The contrast between incongruent and consecutive hits activated right rostrolateral PFC (BA 10; shown in a on CARET slightly inflated surface representation, and on slices using the MRIcron high-resolution template; n = 15). Thalamic activations are partially displayed (see Table 1 for all activations meeting the combined height threshold of p < 0.0001 and cluster volume threshold of 20 voxels). b, Linking human imaging results to the cholinergic system, at a slightly reduced threshold right basal forebrain also showed significant activation for the contrast between incongruent and consecutive hits. c, Response times were shorter for incongruent hits than consecutive hits, and BA 10 activation differences between incongruent and consecutive hits correlated with reaction time differences (r = −0.58; p < 0.05). Participants with the greatest increase in prefrontal activation showed the greatest response time benefit for incongruent hits.

Figure 4.

The contrast between incongruent and consecutive hits revealed significant functional connectivity between the right rostrolateral PFC seed region (BA 10; shown in green; t > 5) and parietal cortex regions associated with attention (superior parietal lobule, BA 7; warm colors), as well as middle frontal gyrus (BA 10/46). The functional connectivity t map is displayed at a p < 0.0001 height, 100 voxel cluster threshold to highlight those regions showing strongest connectivity; see Table 3 for a full list of regions meeting our a priori threshold. Evidence of enhanced functional connectivity with parietal regions associated with controlled attention and the integration of stimuli with responses (Corbetta et al., 1993, 2008; Stephan et al., 1995; Hawkins et al., 2013) strengthens the hypothesis that rostrolateral PFC activity supports shifts from monitoring to cue-directed behavior.

Figure 5.

Amperometric measurements of prefrontal oxygen levels during incongruent hits. a, illustrates the placement of Teflon-insulated silver electrodes and the carbon tip in the thalamic input layer of the prelimbic cortex. b, Currents recorded before the onset of the task and during the entire task session, indicating a continuous decline in current across session (see Results for ANOVA).
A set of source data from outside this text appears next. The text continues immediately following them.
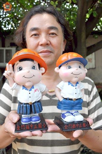 南瓜帽、西瓜皮的髮型、白襯衫與超短的藍色短褲,這是五○年代國小學生的裝扮,是不是讓你覺得超眼熟、也超懷念的?中正國小最近在知名陶藝家王明宗(也是校友)的精心設計下,打造出一組男女各一的「城小寶寶」,王明宗表示,中正國小曾在砲火中成長茁壯、開枝散葉,期盼透過這組撲滿公仔讓校友、畢業生能永遠懷念母校,時刻都能回憶求學的點滴。 中正國小校長張峰德表示,歷史悠久的中正國小創立於民國四年,從當初的縣立第一高等小學,以至數度易名如浯江小學、珠浦中心、城廂、金門示範中心國民學校、金城中心、金城國小,到民國六十七年三月二十一日為感念先總統 蔣公德澤,始定名為中正國小,且從民國三十四年以後到目前,畢業校友已達一萬三千餘人,在社會上都能發揮所長、貢獻所能,同時在歷任校長、教職員工生、家長等共同努力,學校愈來愈具規模,目前已經成為地區首屈一指的小學,且是兩岸三地來金交流時的重點學校。 身為校友的王明宗說,中正國小見證金門的過往歲月,幾十年下來,學校雖歷經慘烈的戰爭洗禮,但仍屹立不搖,還培育出無數的金門菁英,堪稱是各行各業人才培育的搖籃,包括福建省主席吳金贊、將軍暨省主席顏忠誠、許乃權(退役將軍暨前社會局長)、將軍周軍橋、知名律師黃怡騰、本報社長黃雅芬、企業家盧文韻、金城鎮長石兆日、前金城鎮長蔡輝詩、金門技術學院校長李金振、文化局長李錫隆等人,可謂校友遍佈海內外與橫跨各領域、階層。 王明宗提及,這些校友雖然在海角天涯的一方,但仍心繫母校、懷念母校,他在與校長商議過後,決定設計出不一樣的紀念品,希望藉這組公仔,讓校友、畢業生都能珍藏求學時的珍貴回憶。 由於已經畢業三、四十年,為了設計這款「城小寶寶」,王明宗可是煞費苦心,因為早期相機屬於違禁品,相片在當時更是難得一見,王明宗找了好久,好不容易找到一張他兒時參加學校棒球賽的泛黃相片,並透過放大鏡找到身旁「小觀眾」的穿著,才成功打造出這款卡哇伊的公仔撲滿。 王明宗表示,中正國小家長會長王林斌目前已訂購五百組「城小寶寶」,除了贈送給本屆畢業生外,未來也將當作學校城鄉交流的紀念品,讓屬於金門的兒時回憶,也可以傳達到各縣市去。 透過這組公仔,王明宗希望傳達母校在砲火中成長茁壯,散發自由學風的獨特性,也勾起五年級生兒時成長的情景,再度重溫「當我們同在一起」的甜美回憶。
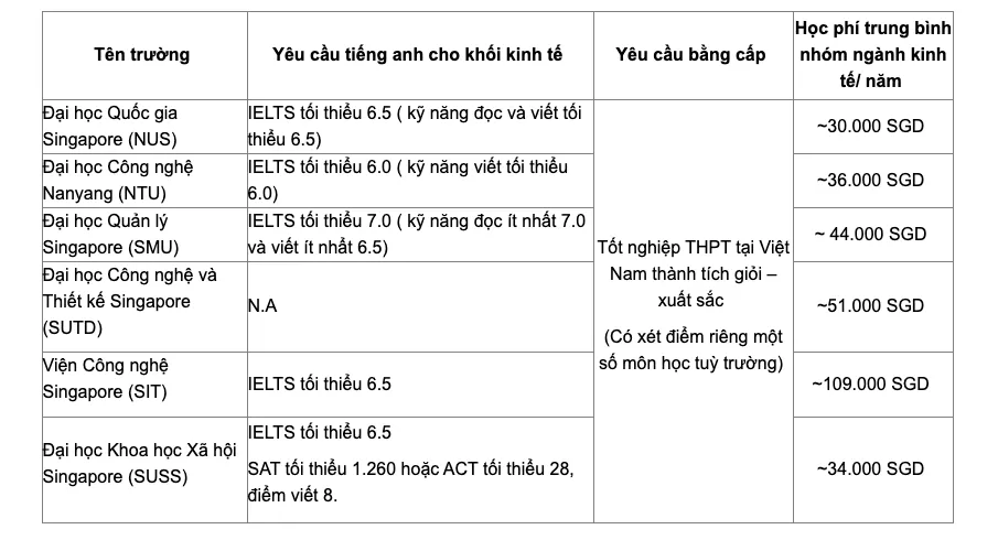 - IELTS: Mức yêu cầu thường từ 6.0 - 7.0 tùy ngành học và trường. Ví dụ, NUS yêu cầu tối thiểu IELTS 6.5, trong khi SMU yêu cầu 7.0.
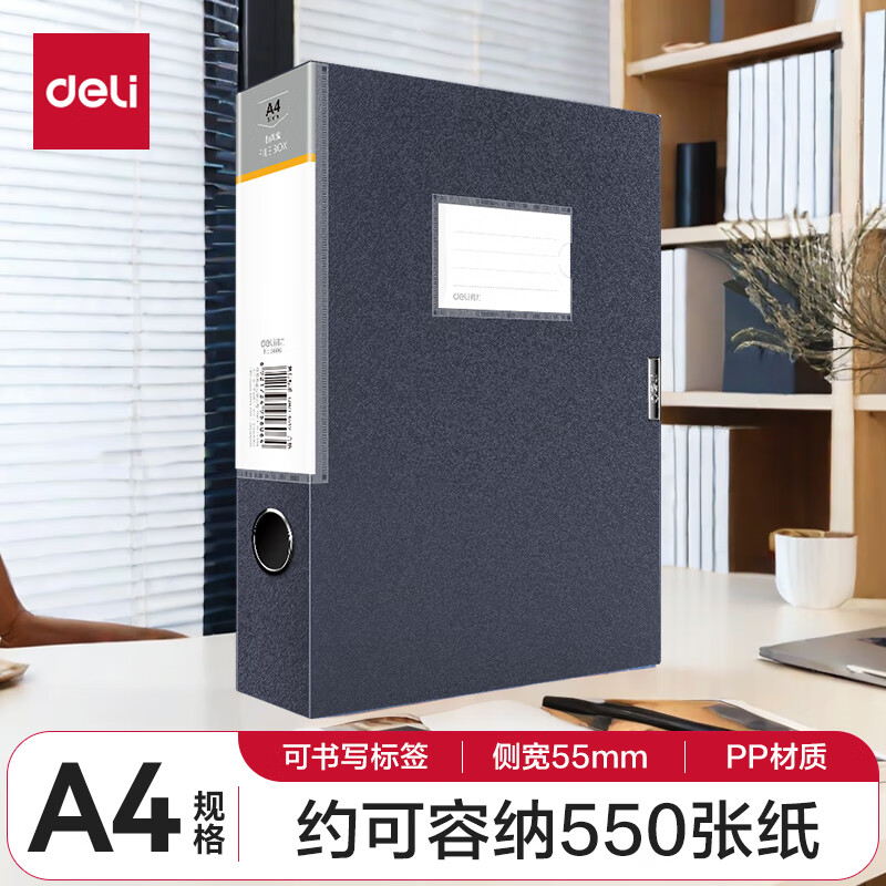 得力 A4 经典款-侧宽40mm 混浆250g牛皮纸档案盒加
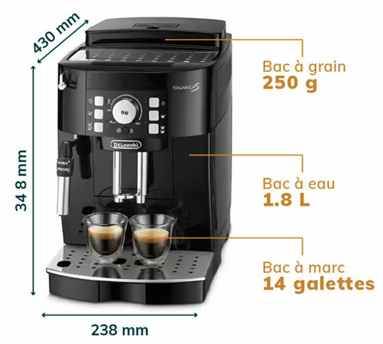 Exclusivement disponible chez MaxiCoffee, la DeLonghi Magnifica S 22.127.B s’adresse aux professionnels ou établissements à la recherche d’une machine fiable et peu encombrante, sans compromis sur l’autonomie. Inspirée du modèle phare 22.140.B, cette version intègre des optimisations notables pour un usage plus fluide au quotidien.
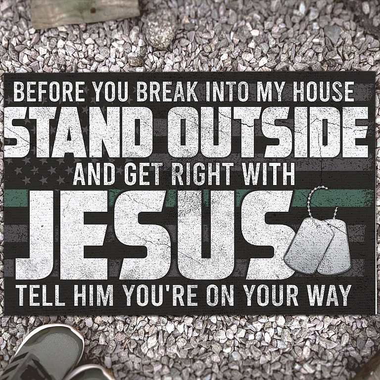 Let’s Shop Before You Break Into My House Stand Outside And Get Right With Jesus Green Line US Flag Outdoor House Doormat!

Note that the ordinate in b is in nA while those in c and d are in pA. c, During incongruent hits, when compared with consecutive hits, peak oxygen levels were significantly higher (n = 9, based on 331 incongruent and 127 consecutive hit trials). Moreover, incongruent hit-associated levels increased significantly from baseline levels, with post hoc comparisons indicating significantly elevated T_O2 levels present beginning for 0.5 s following the signal (red data points). T_O2 levels declined for all other trial types, reflecting the session-based trend for decreasing T_O2 levels.